Another week of sunshine, I'm lapping up every day of warmth!


Quote:
There is a 'space' where everything just is. There's no 'positive' and there's no 'negative', there's just emotion or anything else. As soon as you use the word 'positive' and especially 'negative' you create a downwards spiral for yourself - energy flows where the attention goes. The Universe doesn't read your mind so if you put your attention on 'negative' the Universe gives you more to fight against. The attention goes on the fight, not the 'negative' or changing it. Sometimes it's that simple. It's your definitions that create your reality.
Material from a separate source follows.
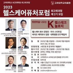 고려대학교 보건대학원(원장 윤석준)이 ‘제2기 헬스케어퓨처포럼’ 최고위 과정 멤버를 모집한다. 교육 대상은 헬스케어 경영진, 의사 스타트업, 바이오 제약회사 임원 등이다.이번 최고위 과정 모집은 7월 25일부터 9월 1일까지이며, 강의는 오는 9월부터 2024년 1월까지 16주간 매주 화요일 고려대학교의료원 고영캠퍼스(강남구 청담동 소재)에서 진행된다.강의자는 ▲강도태 前 복지부 제2차관 ▲나군호 네이버 헬스케어연구소장 ▲서정선 마크로젠 회장 ▲선승훈 코렌텍 의장 ▲이우용 삼성서울병원 암병원장 등 각 분야 최고 전문가들로 구성됐다.…

Yes, it’s also about judgement of a situation or feeling, which I still catch myself doing, although I’m immediately aware that it’s a judgement. I just thank it for letting me know. Judgement is one of those areas which I’ve been wanting to get a bit more of an understanding. And, as synchronicity would have it, in this last week Matt’s released a brand new video called “Unpacking Judgements” – you’ve got to love it when that happens, so I’m busy this weekend watching, learning and noting.


Quote:
I was talking to someone I 'met' on a Life's Purpose thread yonks ago, she has a friend staying with her and her friend doesn't believe in anything that isn't tangible. She was saying that her friend didn't believe in synchronicities but they were happening anyway and she had little choice but to acknowledge that. It's that kind of thing that I find so damned fascinating, but how much could be said of so many similar things - like being a part of your divine plan

I love that kind of thing also. This is a wonderful example which I revisit from time to time.

https://www.youtube.com/watch?v=NF7g0d4VSYQ

Quote:
Equally, if you could project how you deal with your 'negative emotions' into the future? Sometimes it's not about the healing, it's often about changing the mindset/energies that think it needs healing. As you've just found out. It's also less about 'meant to happen' and more about 'already happening' if there is no time (for simplicity's sake).

That reminds me of something Matt said recently which was another ‘a ha’ moment. He was saying that the reason you go from healer to healer and it doesn’t work, is because life is saying this “this is a gift not a curse”. That it is a gift called your process and to take it from you because your ego is inconvenienced, would be to take you off your path.

I thought well that’s me; spending all those years trying all those different things and none of them made the slightest difference. Now I know why. That’s what led me to think that if anything heals, it’ll be because it’s in my divine plan.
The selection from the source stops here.